During the third century BC, Euclid and his students introduced the concept of space dimension, which can take positive integer values equal to the number of independent directions. For instance, a line has dimension one and we live in a space of dimension three and a spacetime of dimension four. During the second half of the nineteen century and the twentieth century, the notion of dimensions was generalized to fractional values. The word ``fractal'' was coined by Mandelbrot to describe sets consisting of parts similar to the whole, and which can be described by a fractional dimension. This generalization of the notion of a dimension from integers to real numbers reflects the conceptual jump from translational invariance to continous scale invariance. Science progresses by analogies and generalization, thus allowing to embody in simpler concepts an increasing broad phenomenology. Here, there is a further generalization of the notion of dimension, according to which the dimensions or exponents are taken from the set of complex numbers. This generalization captures the interesting and rich phenomenology of systems exhibiting discrete scale invariance, a weaker form of scale invariance symmetry, associated with log-periodic corrections to scaling. Discrete scale invariance is a weaker kind of scale invariance according to which the system or the observable obeys scale invariance only for specific choices of magnifications, which form in general an infinite but countable set of values. This property can be seen to encode also the concept of lacunarity of the fractal structure.

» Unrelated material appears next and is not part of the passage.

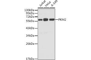 This gene encodes a protein involved in glycolysis. The encoded protein is a pyruvate kinase that catalyzes the transfer of a phosphoryl group from phosphoenolpyruvate to ADP, generating ATP and pyruvate. This protein has been shown to interact with thyroid hormone and may mediate cellular metabolic effects induced by thyroid hormones. This protein has been found to bind Opa protein, a bacterial outer membrane protein involved in gonococcal adherence to and invasion of human cells, suggesting a role of this protein in bacterial pathogenesis. Several alternatively spliced transcript variants encoding a few distinct isoforms have been reported.,CTHBP,HEL-S-30,OIP3,PK3,PKM2,TCB,THBP1,PKM,Epigenetics & Nuclear Signaling,RNA Binding,Cancer,Tumor biomarkers,Signal Transduction,Endocrine & Metabolism,Carbohydrate metabolism,Warburg Effect,PKM

Encouraged by our observation of log-periodicity in rupture phenomena, we started to investigate whether similar signatures could be observed in other systems. And looking more closely, we were led to find them in many systems in which they had been previously unsuspected. These structures have long been known as possible from the formal solutions of renormalization group equations in the seventies but were rejected as physically irrelevant. They were studied in the eighties in a rather academic context of special artificial hierarchical geometrical systems. Our work led us to realize that discrete scale invariance and its associated complex exponents and log-periodicity may appear ``spontaneously'' in natural systems, i.e. without the need for a pre-existing hierarchy. Examples that we have documented [Sornette, 1998] are diffusion-limited-aggregation clusters, rupture in heterogeneous systems, earthquakes, animals (a generalization of percolation) among many other systems. Complex scaling could also be relevant to turbulence, to the physics of disordered systems, as well as to the description of out-of-equilibrium dynamical systems. Some of the physical mechanisms at the origin of these structures are now better understood. General considerations using the framework of field theories, the framework to describe fundamental particle physics and condensed matter systems, show that they should constitute the rule rather than the exception, similarly to the realization that chaotic (non-integrable) dynamical systems are more general that regular (integrable) ones. In addition to a fascinating physical relevance of this abstract notion of complex dimensions, the even more important aspect in our point of view is that discrete scale invariance and its signatures may provide new insights in the underlying mechanisms of scale invariance and be very useful for prediction purposes.

 

3-TOWARDS A PREDICTION OF EARTHQUAKES?

An important effort is carried out world-wide in the hope that, maybe sometimes in the future, the grail of useful earthquake prediction will be attained. Among others, the research comprises continuous observations of crustal movement and geodetic surveys, seismic observations, geoelectric-geomagnetic observations, geochemical and groundwater measurements. The seismological community has been criticized in the past by promising results using various prediction techniques (e.g. anomalous seismic wave propagations, dilatancy diffusion, Mogi donuts, pattern recognition algorithms, etc.) that have not delivered to the expected level. The need for a reassessment of the physical processes has been recognized and more fundamental studies are persued on crustal structures in seismogenic zones, historical earthquakes, active faults, laboratory fracture experiments, earthquake source processes, etc.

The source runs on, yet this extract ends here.